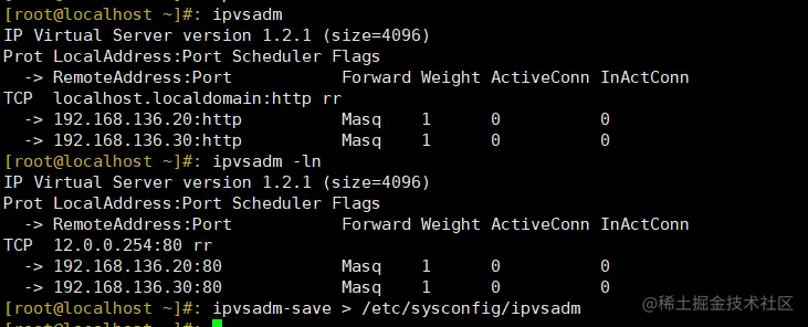 ipvsadm-save > /etc/sysconfig/ipvsadm #保存策略
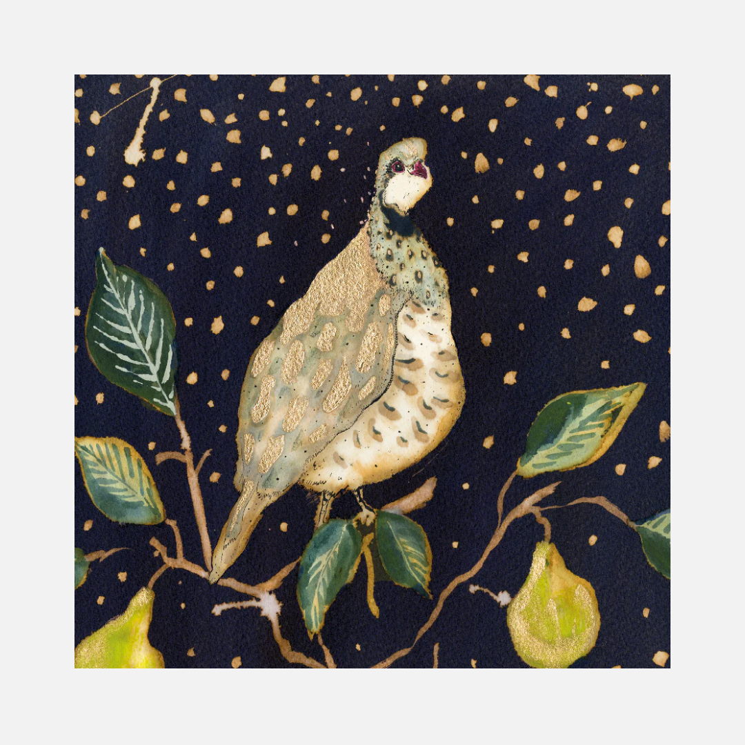 A Christmas card illustrated with a partridge sitting in a pear tree under the starry sky. Left blank inside so that you can write your own message.
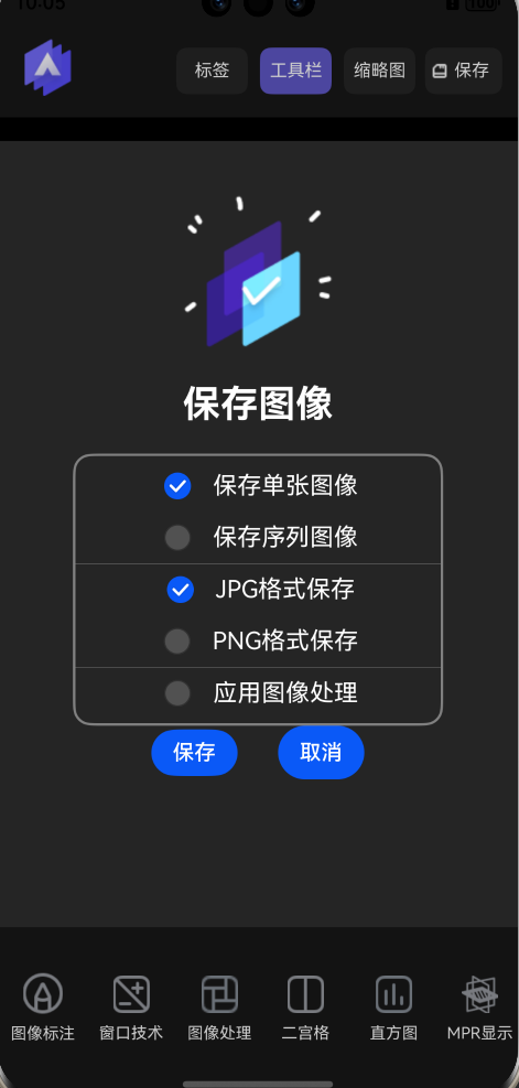 保存图像。可选保存单张或是序列,保存图像格式及是否保存图像处理情况,如下图所示。

§

→ WORK ITEM
Reproduce the data word for word, excluding its pictures.

→ PROBLEM SOLUTION
 ipvsadm-save > /etc/sysconfig/ipvsadm #保存策略
 A Christmas card illustrated with a partridge sitting in a pear tree under the starry sky. Left blank inside so that you can write your own message.
 保存图像。可选保存单张或是序列,保存图像格式及是否保存图像处理情况,如下图所示。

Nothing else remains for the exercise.